The surface area of a cube increases at the rate of $12 \; cm^2 /s$. Find the rate at which its volume increases, when its edge has a length of 5 cm.
Let length of edge of cube $=s=5 \; cm$ $\;\; \cdots$ (1)
Let surface area of the cube $=A = 6s^2$
Given: Rate of increase of surface area $=\dfrac{dA}{dt}=12 \; cm^2 /s$ $\;\; \cdots$ (2)
Now $\dfrac{dA}{dt} = 12 s \dfrac{ds}{dt}$ $\implies$ $\dfrac{ds}{dt} = \dfrac{1}{12s} \dfrac{dA}{dt}$ $\; \; \cdots$ (3)
Let volume of cube $=V=s^3 \;\; \cdots$ (4)

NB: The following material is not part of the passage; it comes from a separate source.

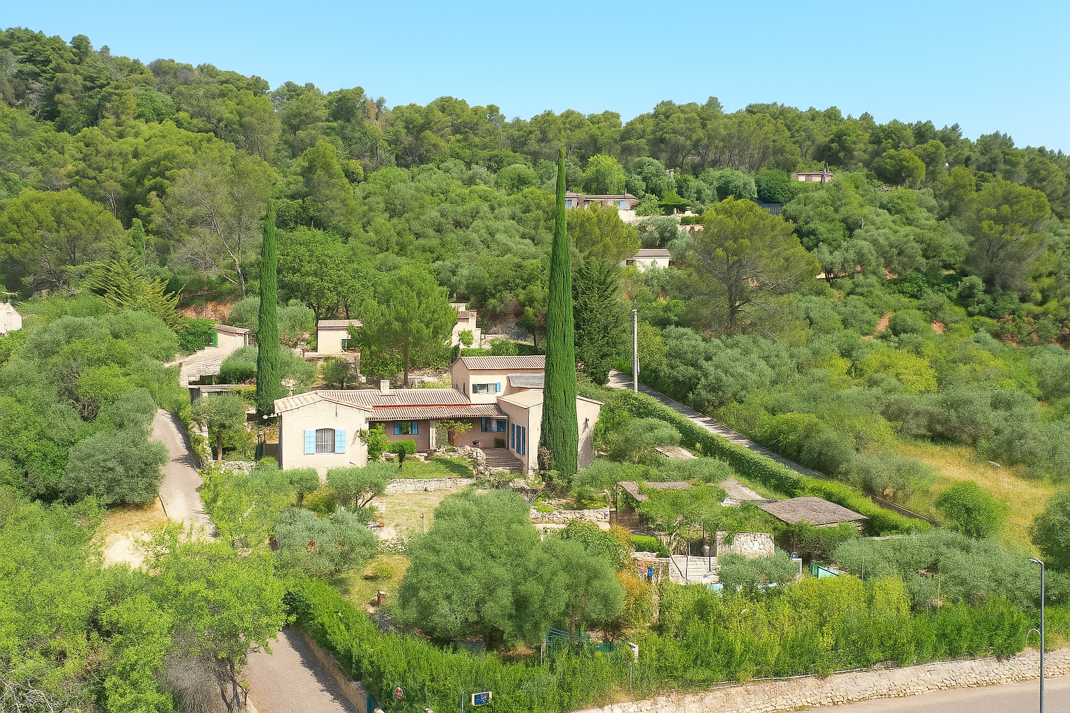 Terrain clos, piscine, forage, portail auto, garage fermé, climatisation réversible.

Differentiating both sides of equation (4) w.r.t time t gives
$\begin{aligned}
\dfrac{dV}{dt} & = 3 s^2 \dfrac{ds}{dt} \\
& = 3s^2 \times \dfrac{1}{12s} \dfrac{dA}{dt} \;\; \left[\text{From equation (3)}\right] \\
& = 3 \times 5^2 \times \dfrac{1}{12 \times 5} \times 12 \; \; \left[\text{From equations (1) and (2)}\right] \\
& = 15 \; cm^3 / s
\end{aligned}$
$\therefore$ Rate at which its volume increases $= 15 cm^3 /s$